# [Task statement]
Emit a verbatim copy of the lines below from the line with "Omnia Naila Multi" through the line with "Fritz Sophus Albertus.", excluding pictures and everything outside that range.

# [Records for processing]
□ □ □ □

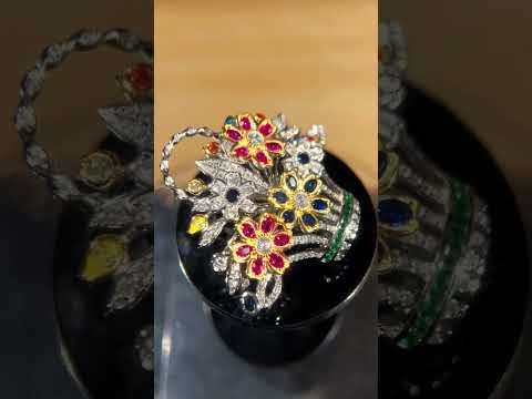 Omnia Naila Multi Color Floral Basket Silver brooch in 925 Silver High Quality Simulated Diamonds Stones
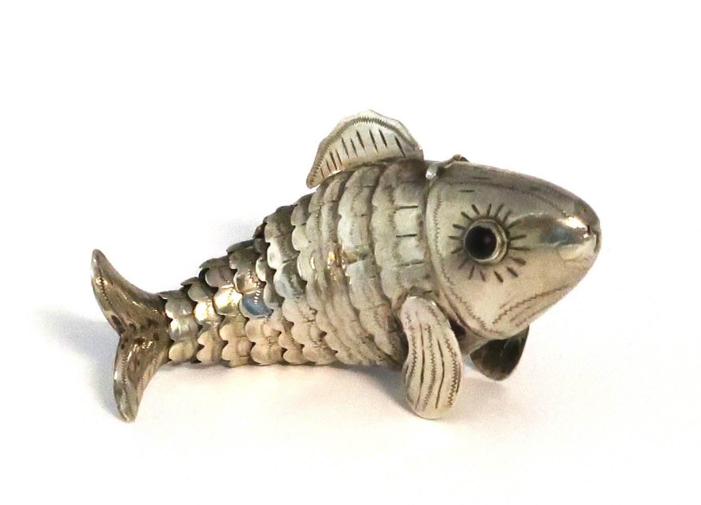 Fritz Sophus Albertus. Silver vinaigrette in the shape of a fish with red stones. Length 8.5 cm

□ □ □ □

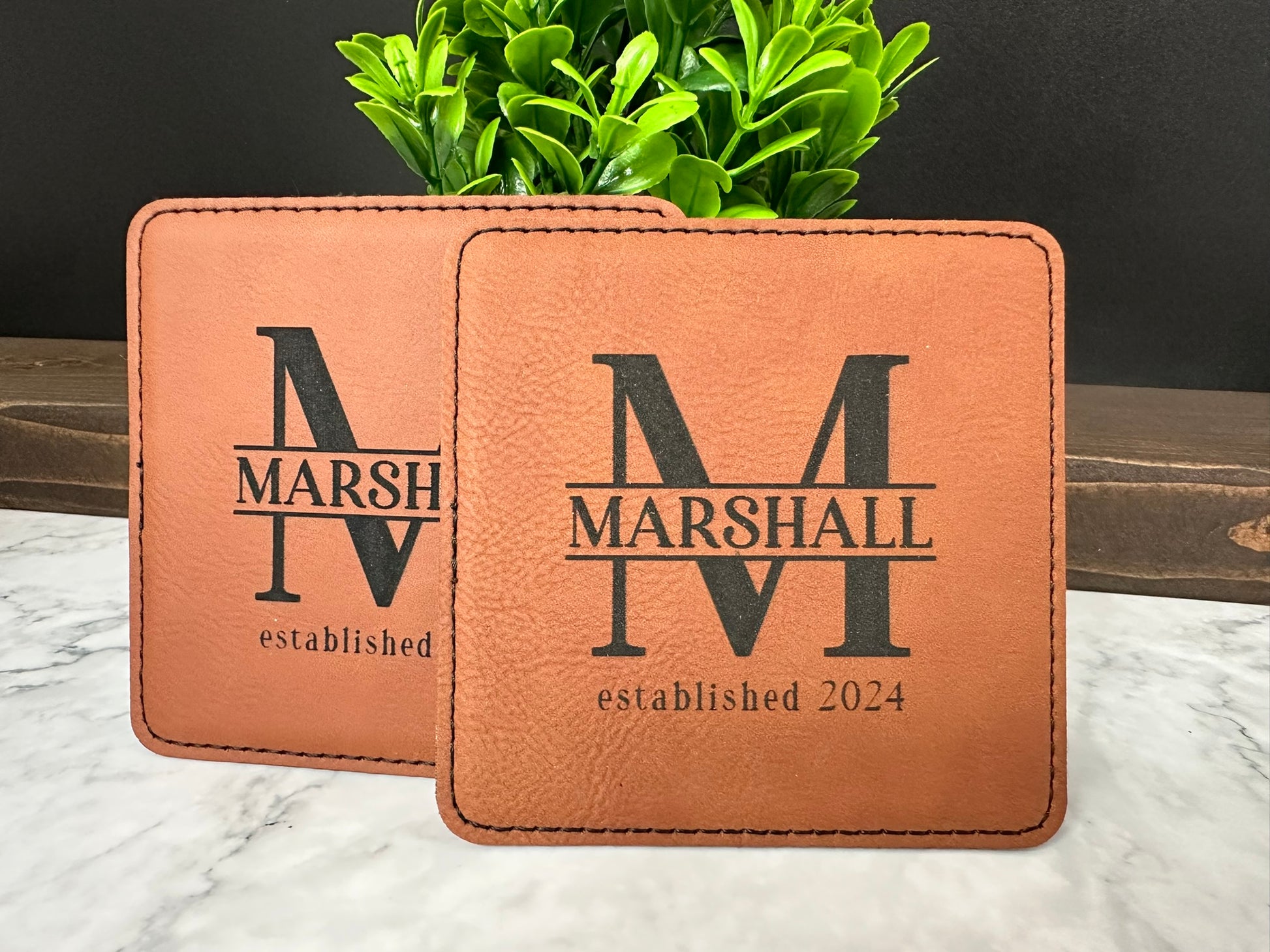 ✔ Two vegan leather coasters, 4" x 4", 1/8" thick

□ □ □ □

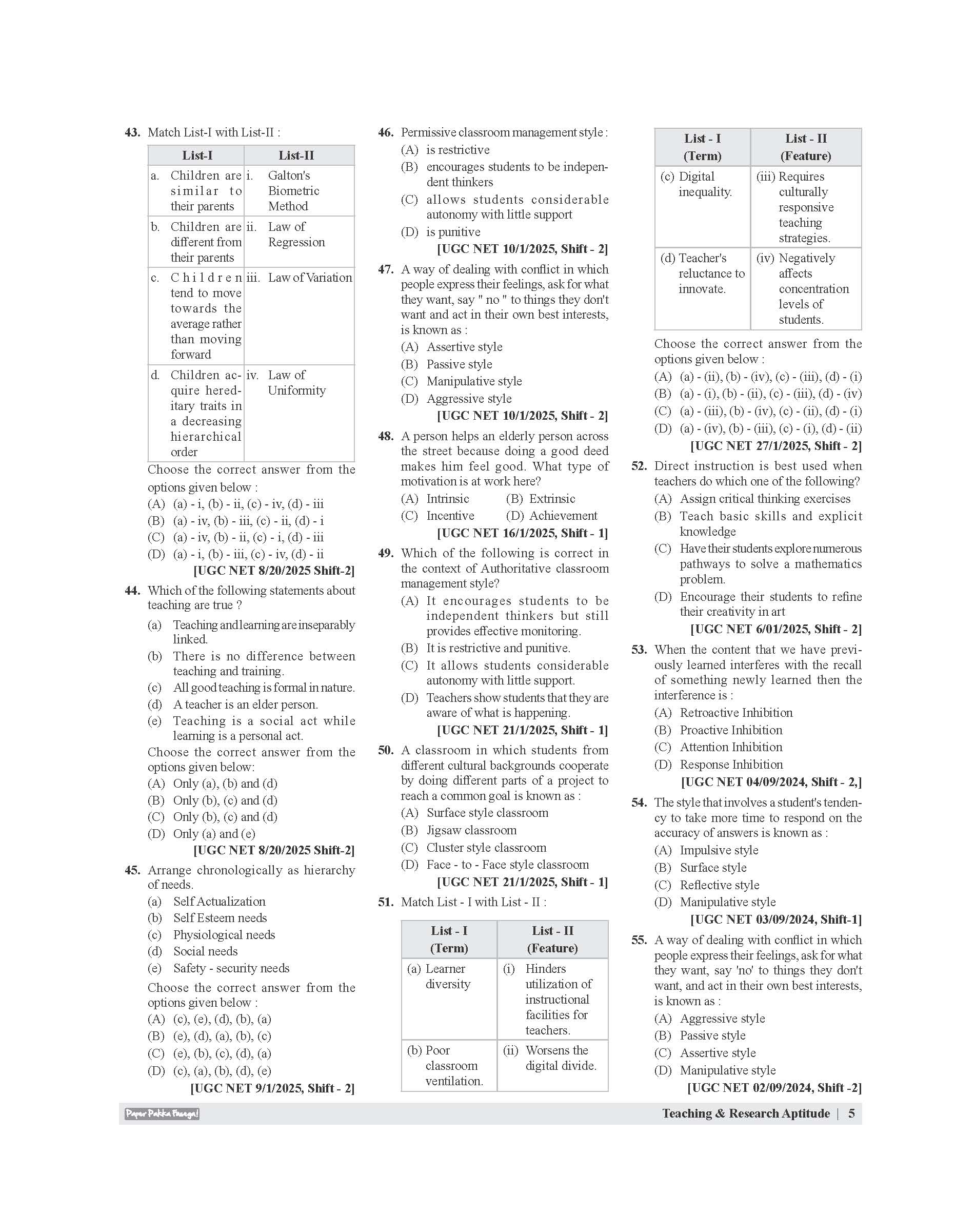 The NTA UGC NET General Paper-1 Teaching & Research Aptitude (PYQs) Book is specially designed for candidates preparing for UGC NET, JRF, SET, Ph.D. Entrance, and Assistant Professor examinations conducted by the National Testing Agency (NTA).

□ □ □ □

# [Exercise answer]
 Omnia Naila Multi Color Floral Basket Silver brooch in 925 Silver High Quality Simulated Diamonds Stones
 Fritz Sophus Albertus. Silver vinaigrette in the shape of a fish with red stones. Length 8.5 cm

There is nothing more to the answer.